3.2. Mit Verordnung des Gemeinderates der Stadtgemeinde Neusiedl am See vom 7. Dezember 1990 über die Einhebung eines Erschließungsbeitrages, Anschlussbeitrages und Ergänzungsbeitrages nach dem Kanalabgabegesetz wurde von der Stadtgemeinde Neusiedl am See von der Ermächtigung nach diesem Gesetz Gebrauch gemacht.

Diese Verordnung wurde (nach den von der Stadtgemeinde Neusiedl am See vorgelegten Verordnungen) von der Verordnung des Gemeinderates der Stadtgemeinde Neusiedl am See "vom 19.12.2000 über die Ausschreibung eines Erschließungsbeitrages, einer Kanalanschlussgebühr und eines Ergänzungsbeitrages nach dem Kanalabgabegesetz" abgelöst. Diese Verordnung trat am 1. Jänner 2001 in Kraft. Der Bürgermeisters der Stadtgemeinde Neusiedl am See stützte in seinem Bescheid vom 27. Dezember 2000 die Vorschreibung noch auf die Verordnung des Gemeinderates der Stadtgemeinde Neusiedl am See vom 7. Dezember 1990.

§ 3 dieser Verordnung lautete:

§ 3

(1) Wenn sich die Berechnungsfläche der im § 2 genannten Grundstücke ändert, wird ein Ergänzungsbeitrag zum Anschlußbeitrag erhoben.

(2) Die Höhe des Ergänzungsbeitrages ist entsprechend dem Ausmaß der zusätzlichen Berechnungsfläche zu bemessen."

Auch in der Verordnung des Gemeinderats vom 19. Dezember 2000 hat § 3 den selben Wortlaut.

Entsprechend dem Grundsatz der Zeitbezogenheit von Abgabentatbeständen wäre für die Vorschreibung eines Ergänzungsbeitrages jene Rechtslage anzuwenden, die im Zeitpunkt der Verwirklichung des Sachverhaltes gegolten hat, der die Abgabepflicht auslöste. Dies wäre für die Vorschreibung eines Ergänzungsbeitrages gemäß § 7 Abs. 3 des Bgld. Kanalabgabegesetzes der Zeitpunkt der Rechtskraft der baurechtlichen Benützungsbewilligung, sofern eine solche nicht erforderlich ist, der Zeitpunkt der Vollendung des Vorhabens. Diese Regelung wäre - ungeachtet des zwischenzeitigen Inkrafttretens nachfolgender Vorschriften über die Einhebung der in Rede stehenden Abgabe - auch von der Berufungsbehörde (im Beschwerdefall auf Grund der vorliegenden Säumnisbeschwerde vom Verwaltungsgerichtshof) anzuwenden.

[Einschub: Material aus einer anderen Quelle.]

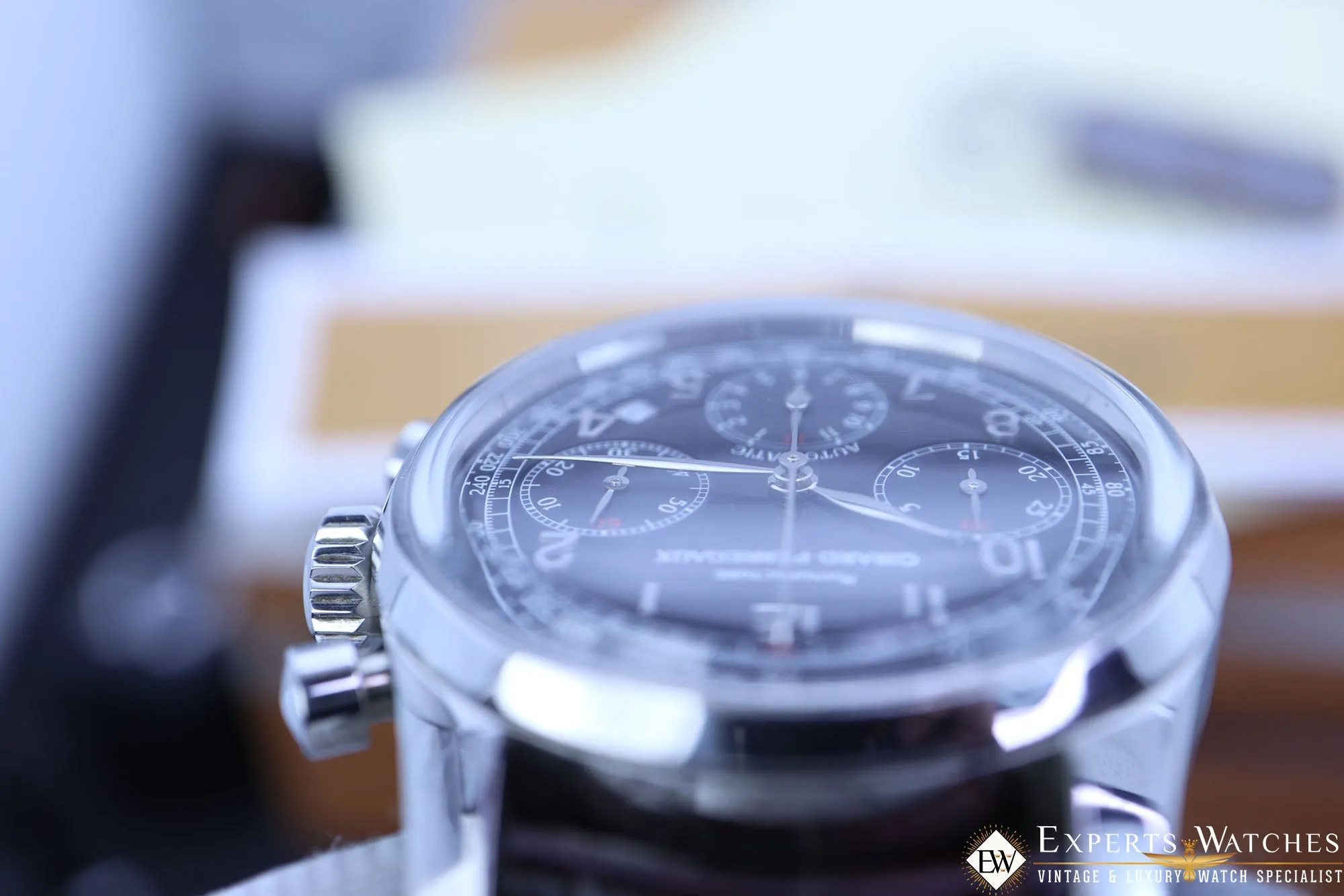 In myopinion, it is among the best-looking chronographs ever offered by any brand,period. Its proportions and overall size are ideal, and the dial is so greatlooking. The “fit and finish” on a Girard Perregaux is the best, tied with onlyA. Lange & Sohne. The watch was offered with a cream color dial or thisblack dial, which is much rarer. In all, GP made around 500 of the 1999chronographs. This is number 4XX. (this is per information provided viathe web)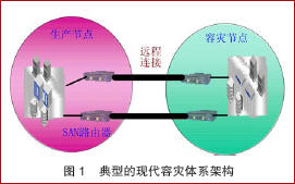 光纤通道SAN Fabric间路由技术(以下简称SAN路由技术)是SAN技术发展的一个巨大突破,填补了传统SAN技术在扩展和远距离延伸方面的空白,使传统SAN容灾网络面临的挑战迎刃而解。SAN路由技术把生产SAN网络和容灾SAN网络连接起来,同时又能使每个Fabric保持相互的独立性,直接避开了SAN Fabric融合带来的所有风险和障碍。随着SAN路由产品推向市场,SAN路由技术已经成为容灾系统的核心组件。典型的现代容灾体系架构如图1所示。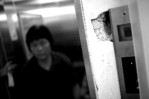 1號樓共5個單元樓門,昨日,記者在樓內(nèi)看到,單元樓門電梯間都出現(xiàn)不同程度破損,其中三單元電梯按鈕旁的墻體出現(xiàn)一個洞,里面保溫層的泡沫已露出來。五單元問題最重,火警報警器、報警燈電線外露,西側(cè)電梯門邊沿的墻皮脫落,電梯按鈕旁出現(xiàn)裂縫,電梯與地面間也有明顯裂縫。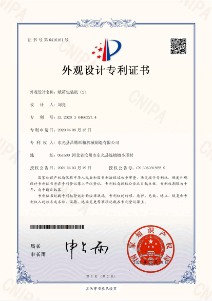 東光縣昌騰紙箱機(jī)械制造有限公司地處首都北京與濟(jì)南之間,水路交通都非常便利,是一家專(zhuān)注紙箱設(shè)備的制造型企業(yè)。本公司研發(fā)生產(chǎn)紙箱碰線(xiàn)機(jī)、紙箱印刷機(jī)聯(lián)動(dòng)線(xiàn)、全自動(dòng)紙箱打包機(jī)、上紙機(jī)等紙箱機(jī)械設(shè)備,制造經(jīng)驗(yàn)豐富,擁有技術(shù)研發(fā)實(shí)力,合格的檢測(cè)工序,嚴(yán)格的管理體系。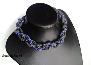 Były oczywiście też pozytywy: pierwszy raz oplatałam Rivoli tylko 11o (innego rozmiaru nie było w zestawie!!!), pierwszy raz do oplatania używałam taśmy cyrkoniowej i pierwszy raz wyplotłam tyle koralikowych kwiatków i to każdy inny. O kilometrach nici, połamanych igłach i godzinach spędzonych przy tej pracy już nie będę się rozwodzić. Generalnie cieszę się, że podołałam, zdążyłam na czas i - co było moim punktem honoru :) korzystałam tylko z tych materiałów, które otrzymałam w zestawie ( poza zapięciem:)). Ostateczny wynik tych zmagań możecie zobaczyć poniżej.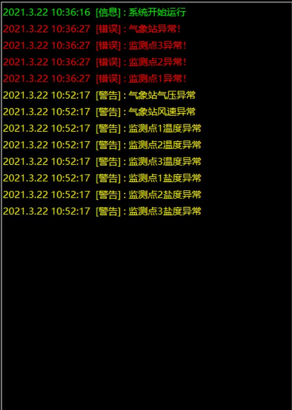 若监测点数据异常在消息界面以黄色警告字体提示,同时阈值显示界面异常数据文本变红色,且每分钟自动播放2秒提示音。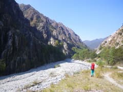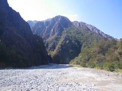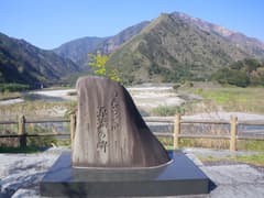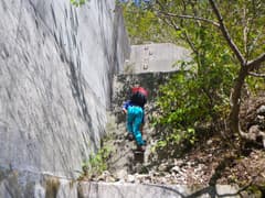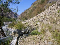 旧松木村のはずれに二つ目のゲートがあり、その先は荒れた林道となる。あちこちで法面が崩壊し、大量の土石が道を埋めている。1997年に来たときは、もう少し良い道だった記憶があるのだが、荒廃が著しい。河原の土砂も嵩を増している気がする。対岸の支流はいずれも険谷で、石塔尾根の稜線から一気に落ち、岩壁を割って本流に流れ込む。

4. Dem Bescheid des Bürgermeisters der Stadtgemeinde Neusiedl am See vom 27. Dezember 2000, mit dem der Beschwerdeführerin ein Ergänzungsbeitrag gemäß § 7 des Kanalabgabegesetzes vorgeschrieben wurde, ist nicht zu entnehmen, auf Grund welcher Baumaßnahme sich die Berechnungsfläche gegenüber jener, die der Vorschreibung des Anschlussbeitrages zu Grunde lag, geändert haben sollte.

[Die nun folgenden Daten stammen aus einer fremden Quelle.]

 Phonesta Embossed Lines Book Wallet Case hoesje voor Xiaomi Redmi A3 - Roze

5. Wie sich aus § 7 des Kanalabgabegesetzes, LGBl. Nr. 41/1984 in der Fassung LGBl. Nr. 37/1990, und § 3 der Verordnung des Gemeinderates der Stadtgemeinde Neusiedl am See vom 19. Dezember 2000 ergibt, setzt die Vorschreibung eines Ergänzungsbeitrages eine Änderung der Berechnungsfläche des anschlusspflichtigen Objektes voraus. Im Bescheid des Bürgermeisters vom 27. Dezember 2000 wird nicht ausgeführt, inwiefern sich eine Änderung der Berechnungsfläche beim Objekt der Beschwerdeführerin ergeben haben sollte.

6. Der Gemeinderat der Stadtgemeinde Neusiedl am See ist diesen sich aus dem vorgelegten Bescheid und den Beschwerdeausführungen ergebenden Feststellungen im verwaltungsgerichtlichen Verfahren nicht entgegengetreten, zumal die beschwerdeführende Partei in der Verfügung vom 26. September 2001 auf die Rechtsfolge des § 38 Abs. 2 VwGG hingewiesen wurde.

Es ist daher davon auszugehen, dass sich die Berechnungsfläche gegenüber der der Berechnung des Anschlussbeitrages zu Grunde gelegten Fläche nicht geändert hat. Die Vorschreibung eines Ergänzungsbeitrages hat bei diesem Sachverhalt keine Rechtsgrundlage.

7. Der erstinstanzliche Abgabenbescheid war daher mangels Verwirklichung des von der Behörde herangezogenen Abgabentatbestandes auf Grund der Berufung der Beschwerdeführerin ersatzlos aufzuheben.

8. Die Kostenentscheidung gründet sich auf die §§ 47 ff VwGG in Verbindung mit der Verordnung des Bundeskanzlers BGBl. II Nr. 501/2001, insbesondere deren § 3 Abs. 2. Die Gebühr gemäß § 24 Abs. 3 VwGG war gemäß § 3 Abs. 2 Z 2 Eurogesetz, BGBl. I Nr. 72/2000, mit EUR 181,68 zuzusprechen.